CNN Layers.

- INPUT [32x32x3] will hold the raw pixel values of the image, in this case an image of width 32, height 32, and with three color channels R, G, B.
- CONV layer will compute the output of neurons that are connected to local regions in the input, each computing a dot product between their weights and a small region they are connected to in the input volume. This may result in volume such as [32x32x12] if we decided to use 12 filters.
- RELU layer will apply an elementwise activation function, such as the max(0,x), max(0,x) thresholding at zero.
- POOL layer will perform a downsampling operation along the spatial dimensions (width, height), resulting in volume such as [16x16x12].
- FC (i.e. fully-connected) layer will compute the class scores, resulting in a volume of size [1x1x10], where each of the 10 numbers corresponds to a class score, such as among the 10 categories of CIFAR-10. As with ordinary Neural Networks and as the name implies, each neuron in this layer will be connected to all the numbers in the previous volume.

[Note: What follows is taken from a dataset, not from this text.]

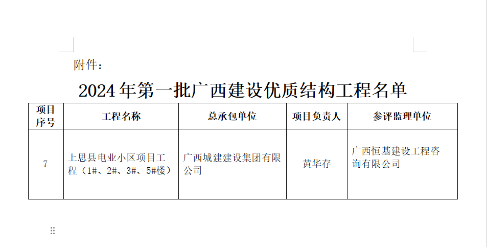 近日,廣西建筑業(yè)聯(lián)合會公布了2024年第一批廣西建設(shè)優(yōu)質(zhì)結(jié)構(gòu)工程名單。恒基咨詢監(jiān)理的上思縣電業(yè)小區(qū)項目工程(1#、2#、3#、5#樓)榮獲該獎項。

For further info, refer this page: https://cs231n.github.io/convolutional-networks/#pool

A typical CNN has about three to ten principal layers at the beginning where the main computation is convolution. Because of this often we refer to these layers as convolutional layers.

This is followed by two fully connected layers which function as a neural network. The convolutional layers extract the features from the images and the neural network at the fully connected layers classifies the images by classifying the features.

Each principal layer starts with normalization. Then a convolutional filter is used to create a featuremap. Now ReLu activation takes place. At this point, subsampling is used to reduce the size of the featuremap and a subsampled layer is created. Now, these four processes are repeated.